Dear all,
I’m writing a project that involves making parameterised mathematical models and generating cost functions for them. Mathematically, let’s take model output as
y(u,\theta) where u are inputs and \theta are parameters. I then want to automatically differentiate cost functions on the model output, i…e. get:
\nabla_{\theta} C[y(\theta,u)] and \nabla^2_{\theta} C[y(\theta,u)].
I tried to make a minimal example using Flux.jl. It crashes when I try to take the second derivative.
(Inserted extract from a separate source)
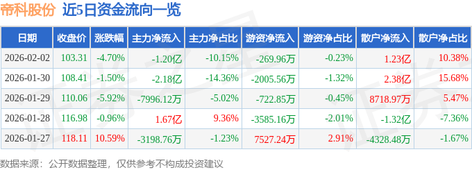 2月2日的资金流向数据方面,主力资金净流出1.2亿元,占总成交额10.15%,游资资金净流出269.96万元,占总成交额0.23%,散户资金净流入1.23亿元,占总成交额10.38%。

Code is here:
using Flux, Flux.Tracker
function modelref(inputs,parameters)
u = inputs
p = parameters
## arbitrary smooth function
y = u[2].*p[1].^2 .+ u[1].*u[2].*(p[1].^3).*p[2].^4
return y
end
function costf(inputs, parameters, model)
## arbitrary cost function on modelref output
return modelref(inputs,param(parameters)) - sum(inputs.^2)
end
function rawcostf(inputs, model)
## make function of parameters only. better if i could do a partial derivative of costf wrt parameters
return p -> costf(inputs,p,model)
end
cf = rawcostf([1,2],modelref)
dcf(p) = Tracker.gradient(cf,p;nest=true)[1]
d2cf(p) = Tracker.jacobian(dcf,p)
However, when i call d2cf(p) I get the following error: ERROR: Nested AD not defined for getindex.
More generally, eventually I would like to substitute modelref with the output of ordinary differential equations, and generate cost functions on their trajectories. Would Flux be able to handle this?
I’m finding it hard to work out what’s going wrong as I’m not fluent in reading the flux source code. Any help would be much appreciated!
PS this is my first online post ever about a coding problem :). If I haven’t phrased my question in a conventional/easy to parse way, or I’ve made any faux pas, please let me know! Thanks a lot!